Could you reproduce the lines below from the one with "Ownership: | 100.0000000000% |" through the one with "之后张国荣执导的《偷心》,女主角也是属意宁静。可惜最后未能拍成。"? Keep both ends and add nothing.

Top of Given data

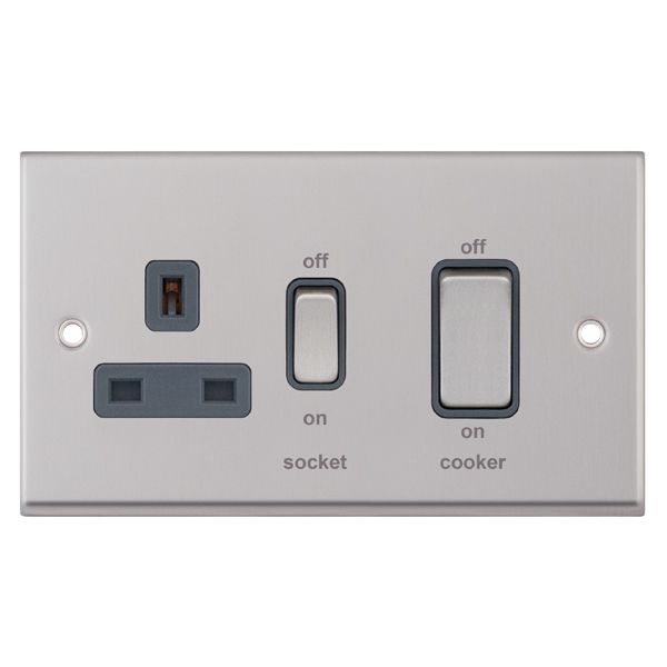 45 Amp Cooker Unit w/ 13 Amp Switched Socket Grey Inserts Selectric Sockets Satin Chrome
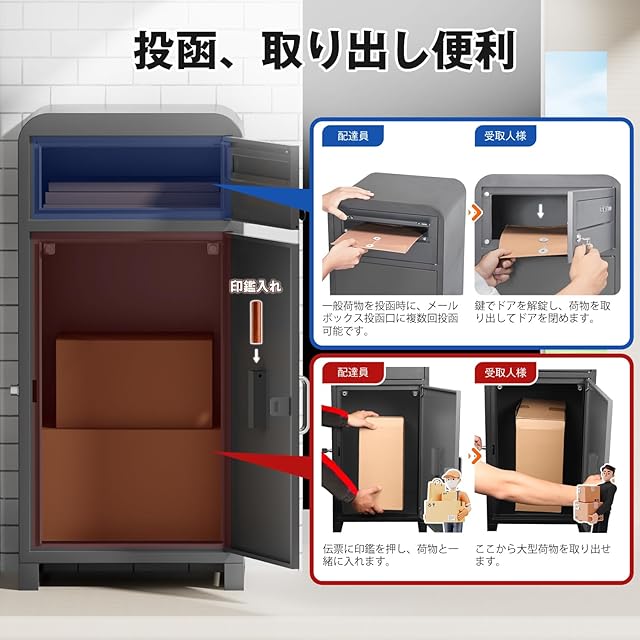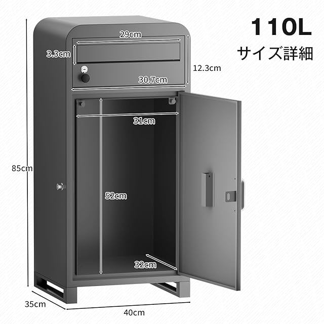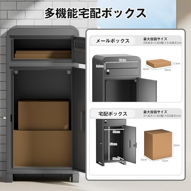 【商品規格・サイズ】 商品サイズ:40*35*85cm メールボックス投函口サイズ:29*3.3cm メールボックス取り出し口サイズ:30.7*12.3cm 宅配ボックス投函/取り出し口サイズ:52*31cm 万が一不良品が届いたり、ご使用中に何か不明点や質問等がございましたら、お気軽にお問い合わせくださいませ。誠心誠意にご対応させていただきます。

Bottom of Given data
Top of Given data

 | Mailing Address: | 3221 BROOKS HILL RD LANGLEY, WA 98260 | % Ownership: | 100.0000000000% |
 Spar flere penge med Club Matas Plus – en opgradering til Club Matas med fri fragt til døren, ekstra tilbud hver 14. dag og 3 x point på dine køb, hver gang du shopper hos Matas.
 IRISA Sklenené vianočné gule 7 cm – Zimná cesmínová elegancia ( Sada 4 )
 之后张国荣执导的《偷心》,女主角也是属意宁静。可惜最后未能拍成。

Bottom of Given data
Top of Given data

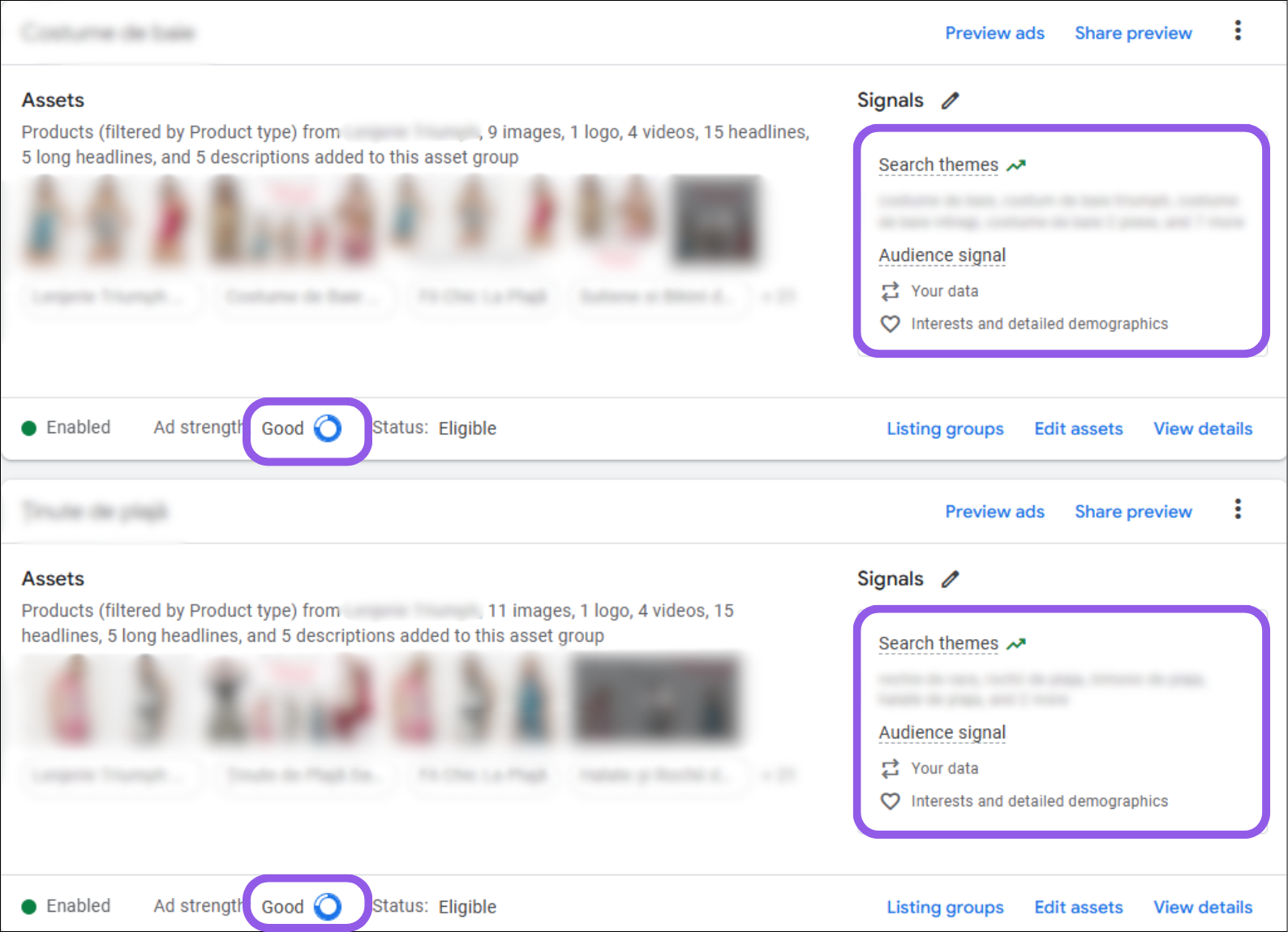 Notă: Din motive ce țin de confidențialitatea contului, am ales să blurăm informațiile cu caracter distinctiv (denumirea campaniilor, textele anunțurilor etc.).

Bottom of Given data

> _Expected answer_
 | Mailing Address: | 3221 BROOKS HILL RD LANGLEY, WA 98260 | % Ownership: | 100.0000000000% |
 Spar flere penge med Club Matas Plus – en opgradering til Club Matas med fri fragt til døren, ekstra tilbud hver 14. dag og 3 x point på dine køb, hver gang du shopper hos Matas.
 IRISA Sklenené vianočné gule 7 cm – Zimná cesmínová elegancia ( Sada 4 )
 之后张国荣执导的《偷心》,女主角也是属意宁静。可惜最后未能拍成。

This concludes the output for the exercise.